Let me explain my understanding and ask you to either confirm its correctness or correct me:

1. There's a MESI protocol which allows for efficient cache coherence (https://en.wikipedia.org/wiki/MESI_protocol). It's the state of the art mechanism.
2. For several cores of a single processor, MESI operates via L3 cache which is shared among cores of a processor.
3. For several processors (with no shared L3), MESI operates via Main Memory.
4. When using global variables, which are read and written by several threads, volatile type specifier is used to prevent unwanted optimizations as well as to prevent caching in registers (not in L1-3 caches). Thus, if value is not in a register but in cache or main memory, MESI would do its work to make threads see correct values of globals.

Answer 1

For several cores of a single processor, MESI operates via L3 cache which is shared among cores of a processor.

MESI operates at all cache levels. In some processor designs, the L3 cache serves as an efficient "switchboard" between cores. For example, if the L3 cache is inclusive and holds everything in any CPU's L1 or L2 caches, then just knowing that something isn't in the L3 cache is enough to know it's not in any other core's cache. This can reduce the amount of snooping needed. These are sophisticated optimizations though.

For several processors (with no shared L3), MESI operates via Main Memory.

I'm not sure what you're trying to say here, but it doesn't seem to correspond to anything true. MESI operates between caches. Memory isn't a cache and so has no need to participate in the MESI protocol.

You could mean that for CPUs without an L3 cache, the L2 inter-cache MESI traffic occurs on the same CPU bus as the one that connects to main memory.

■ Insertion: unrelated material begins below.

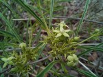 Subshrub 15–60 cm tall, with several erect or ± procumbent slender woody shoots from an underground rhizome; shoots at first scabrid yellowish-pubescent, later more or less glabrous and dark purplish-red. Leaves paired, not in whorls, 3–10 × 0.9–3.2 cm, elliptic, oblong, obovate-oblong or oblanceolate, rounded to subacute or obscurely acuminate at the apex, cuneate at the base, petiole c. 5 mm long; stipules 2 mm long, triangular, with appendages 2 mm long. Inflorescences borne at (1)3–6 nodes, 10–20-flowered, bristly pubescent; the inflorescence pair at each node forming a dense cluster up to 3.5 cm wide; peduncles and pedicels 3–5 mm long. Calyx tube 1.2 mm long, globose, densely pubescent; lobes 4–6.5 × 0.7–1 mm, linear, more sparsely pubescent. Corolla 5-tailed at apex in bud; tube 5.5 mm long, cylindrical to funnel-shaped, glabrous at base, densely bristly pubescent above; lobes 2–3 × 1.5–1.8 mm, triangular, with a terminal appendage 1.5–2 mm long. Pollen presenter shortly exserted, cylindrical, 10-grooved, 5-lobed at apex. Fruit yellow to orange, 1.2 cm in diameter, globose, said to be glossy, very sparsely pubescent; pyrenes small 6 × 5 × 3 mm. |

This used to be true for some multi-chip CPU designs before CPUs had on-chip memory controllers. But today, most laptop/desktop multi-core CPUs have on die memory controllers, so the bus that connects to memory only connects to memory. So there's no MESI traffic there. If data is in one core's L2 cache and has to get to another core's L2 cache, it doesn't go over the memory. (Think about the topology of the cores and the memory controller, that would be insane.)

When using global variables, which are read and written by several threads, volatile type specifier is used to prevent unwanted optimizations as well as to prevent caching in registers (not in L1-3 caches).

I know of no language where this is true. It's certainly not true in C/C++ where volatile is for things like signals not multithreading (at least on platform's with well-defined multi-threading APIs). And it's not true for things like Java where volatile has specific language semantics that have nothing to do with registers.

Thus, if value is not in a register but in cache or main memory, MESI would do its work to make threads see correct values of globals.

This could be true at the hardware/assembler level. That's where registers exist. But in practice it's not because while MESI makes the memory caches coherent, modern CPUs have other optimizations that create the same kinds of problems. For example, a CPU might prefetch a read or might delay a write out of order. So you need things like memory barriers in addition to MESI. This, of course, gets very platform specific.

You can think of MESI as an optimization. You still have to do whatever the platform requires in order for inter-thread memory visibility to work correctly. But MESI tremendously reduces what that work is.

Without MESI, for example, you might have a design where the only way for data to get from one core to another is through a write to main memory followed by waiting for the write to complete followed by a read from main memory. That would be a total disaster. First, you'd wind up having to flush things to main memory just in case another thread needed it. And second, all this traffic would choke out the regular memory traffic. Yuck.